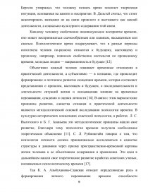 Исследование времени является все более актуальным в современной психологии. Это связано с тем, что психологическое время выполняет существенную функцию в регуляции сознания и поведения, выступает важной детерминантой самоосуществления человека. Возрастание темпов жизни, ускорение общественных преобразований актуализируют необходимость нового научного понимания того, как человек осмысливает и воспринимает время собственной жизни, и как результаты этого переживания влияют на жизненный выбор, организацию и осуществление деятельности. Именно поэтому изучение проблемы времени привлекает внимание как отечественных, так и зарубежных авторов.
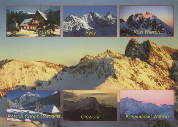 Pocztówka 7. elementowa, zimowa. Po lewej stronie u góry schronisko na Hali Ornak nocą z rozświetlonymi oknami. Obok widok na Rysy. Obok Kozi Wierch. Poniżej tatrzański pejzaż- Tatry Wysokie: Miedziane, Szpiglasowy Wierch, Mięguszowiecki Szczyt, Rysy. Poniżej szałas na Polanie Chochołowskiej. Obok Giewont od południowo-wschodniej strony. Obok Kominiarski Wierch. Zdjęcia podpisane.
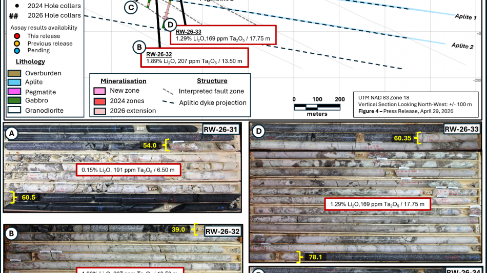 1.29% Li2O and 169 ppm Ta2O5 over 17.75 m (including 2.13% Li2O and 105 ppm Ta2O5 over 9.00 m), through Pegmatite 3 in hole RW-26-33

### What is being asked
Skip the pictures; extract only the lines from the line with "Pocztówka 7. elementowa, zimowa." through the final line of the material, exactly as they appear.

### Exercise response
 Pocztówka 7. elementowa, zimowa. Po lewej stronie u góry schronisko na Hali Ornak nocą z rozświetlonymi oknami. Obok widok na Rysy. Obok Kozi Wierch. Poniżej tatrzański pejzaż- Tatry Wysokie: Miedziane, Szpiglasowy Wierch, Mięguszowiecki Szczyt, Rysy. Poniżej szałas na Polanie Chochołowskiej. Obok Giewont od południowo-wschodniej strony. Obok Kominiarski Wierch. Zdjęcia podpisane.
 1.29% Li2O and 169 ppm Ta2O5 over 17.75 m (including 2.13% Li2O and 105 ppm Ta2O5 over 9.00 m), through Pegmatite 3 in hole RW-26-33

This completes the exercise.